Pandemi döneminde 2020 den beri tanıdığım şirket sahiplerinin tamamı, verilen tüm ucuz kredileri almış ve kimisi dolara, kimisi faize, kimisi ev-araba alıp satmaya, kimiside borsaya yatırmıştı. Şirketi için kullanan yoktu. Devlete BİLEREK ödemedikleri tonla vergileri var ve onları bile ödememişlerdi.
Kuralımız neydi: "Üretmeden kazanılan para, diğer insanların cebinden çıkar, onları fakirleştirir"
Devletten geç ödemeli düşük faizli kredileri alan şirket sahipleri;
- Dolara yatıranlar doları yükseltimiş, yükselen dolar tüketim mallarının fiyatlarını yükseltmişti. Yükselen fiyatlar, aynı oranda maaşı yükselmeyenleri fakirleştirmişti.
- Faize yatıranlar, geç ödemeli %12-14 faizle aldıkları kredileri başka bankaya %20-23 ile yatırıp aradaki farkı kâr olarak ceplerine indirdi.Devlet bankaları bu işden tonla para kaybetmiş, boşalan kasalar devlet hazinesinden yani bizim vergilerimizle doldurulmuştu. Hazine kasası boşalıncada vergilerimiz artmış fakirleşmiştik.
- Ev araba al-sat a yatıranlar, ev arsa ve araba fiyatlarının hızlı yükselmesinde pay sahibi olmuş, ev alabilecek 10 binlerce kişi, fiyatlar hızla arttığı için ev araba arsa alamaz hale gelmişlerdi. Bu kalabalıklar fakirleşmişti. Kazandıkları bol paraları beleş para olduğundan bolca harcarlar ve diğer tüketim fiyatlarınında artmasında etki ederler. Çifte kazık atarlar diğer vatandaşlara. Aslında üçlü kazık atarlar çünki zenginleşenlerin peşinden sürü halinde kızlar koşar. Zenginleşemeyen erkekler ise sürü kızları uzaktan izleyerek hayattan nefret etmeye başlarlar.

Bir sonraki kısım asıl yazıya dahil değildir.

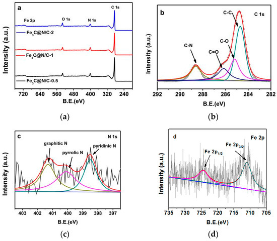 (a) X-ray photoelectron spectroscopy (XPS) survey spectra of Fe3C@N/C-x samples. (b) C 1s, (c) N 1s and (d) Fe 2p spectra of Fe3C@N/C-1.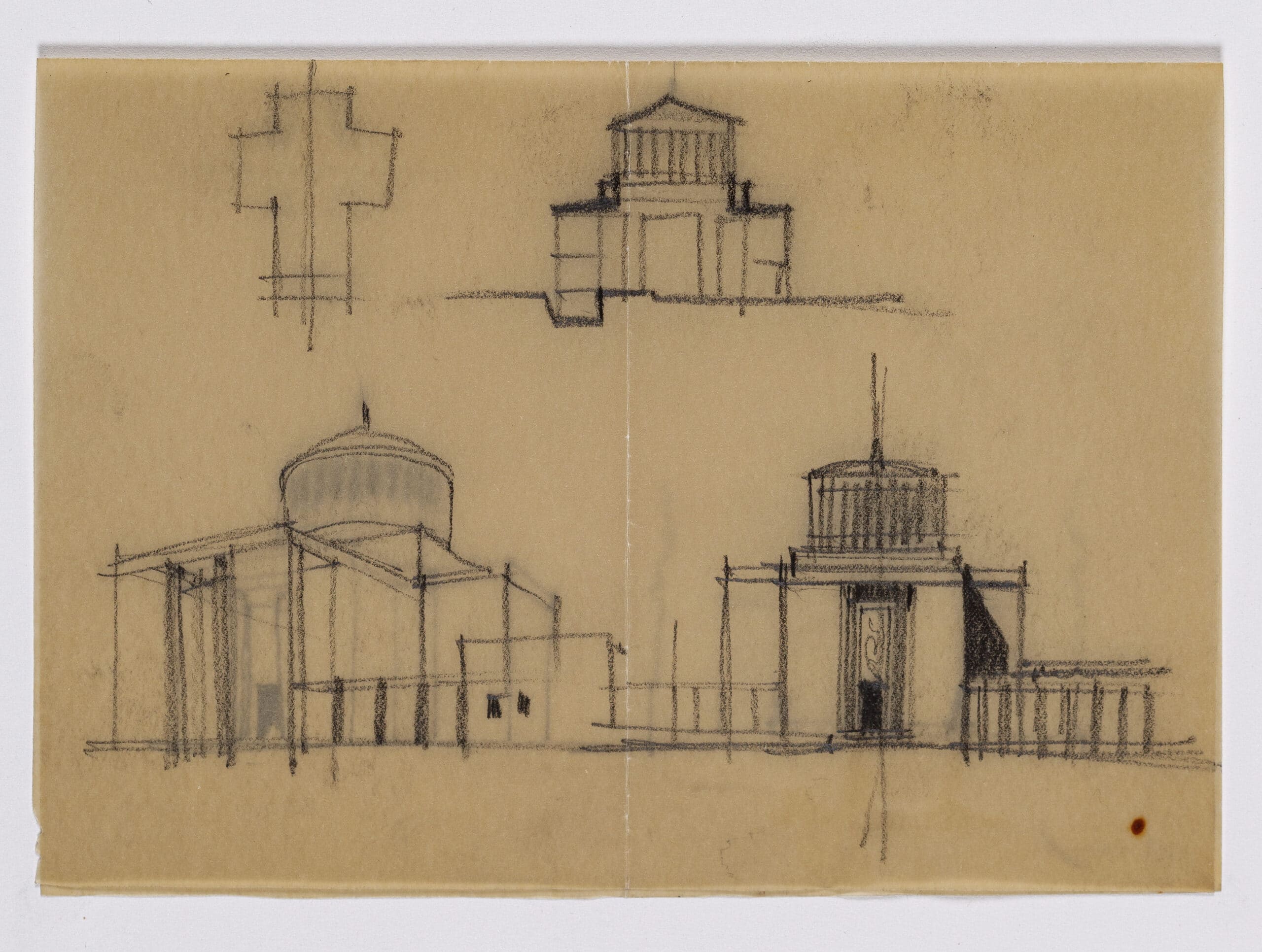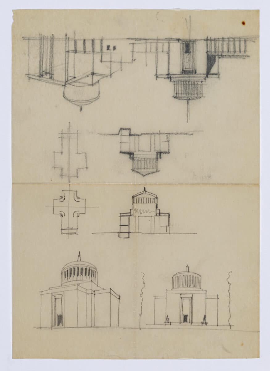 One folded sheet of sketches for the Chiesa di San Giovanni Bosco, which Rapisardi executed in the Tuscolano-Cinecittà district of Rome. Similar to the built work, the drawings depict a tripartite façade, surmounted with a monumental lantern dome. Rapisardi had previously designed the circular church Chiesa di San Tommaso al Pantheon in Syracuse in 1919.
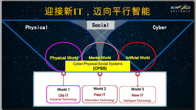 人工智能是很多人努力的结果,人工智能有一段很长的历史。大家在这个历史时刻应该回头看一下。AlphaGO预示着我们进入新的IT时代,IT不再是过去的信息技术,也不是老的工业技术,而是新的智能技术,我们开发的是第三个世界,人工世界,这个世界需要新IT,但是不能忘了物理世界的老IT,不能忘了心理世界的旧IT。今天之IT代表了老、新、旧的三种组合。人工智能要从牛顿时代跳到默顿时代,今天这个会如此成功就是默顿时代的有力证明。我们相信软件定义的一切将成为未来社会最重要的实力。

Çevremde pandemiden bu yana al-sat la zenginleşen bir kaç şirket sahibi var. 2 yılda parasını 13'e katlayan arkadaşım var. Eğer eviniz arsanız varsa, fiyatları uçtuğu için bu işten sizde gayrımenkul miktarınız kadar faydalandınız. Ya diğer yerlerden kaybettiklerinizi bu sayede telafi ettiniz, yada büyük kazanç elde ettiniz. Ama gayrımenkulu olmayanlar, bu işten ayvayı yedi.
- Borsaya yatıranların direk etkisi olmadı. Dolaylı oldu. Ne kadar etkisi oldu onun hesabı zor. Herkes kazanmış olsa hesabı kolay. Kazanılan beleş paralarla yapılan BOL BOL harcamalar eni sonu tüketim fiyatlarının artmasında bir miktar etkisi olur ve borsadan kazanamayanları fakirleştirir çünki artan fiyatlar sebebi ile aynı ürünlere daha çok para öderler ve gelirleri artmamıştır. Borsada Parayı kaybedenlerde, aldıkları krediyi geri ödemezlerse, o para yine vatandaştan çıkar çünki hazine kasası boşalır ve bizim vergilerimizle doldurulur.
Nihayet devlet verdiği ucuz kredilerin takibini yapmaya başlamış. Şirketlere 1 aydır %14 le devlet bankalarından kredi çıkardılar, ancak son 2 yılda olduğu gibi parayı alıp gitmiyorsunuz. Karşılığında fatura istiyorlar. Hali ile çevremdekiler parayı alamadılar. Alsalardı direk başka bankada %23 brüt faize yatıracaklardı.
Devletin nasıl çalışan üretenden alıp, çalışmayan üretmeyene aktardığını basitçe anlattım. Hikayelerle geçmişte anlattığımda oldu. Bu anlatımımı çok daha detaylandırabilirim ama uğraşmak istemiyorum. Anlaşıldı diye umuyorum.
Eğer faydalanmadı iseniz, faydalananların parası sizden çıktı.
Bu forumda olanların çoğunluğu şirket sahibi olsa gerek. O sebepleyazımdan pek hoşnut kalacaklarını sanmam.
.
Yazmamışsam, pozisyonum aynen devam ediyor demektir.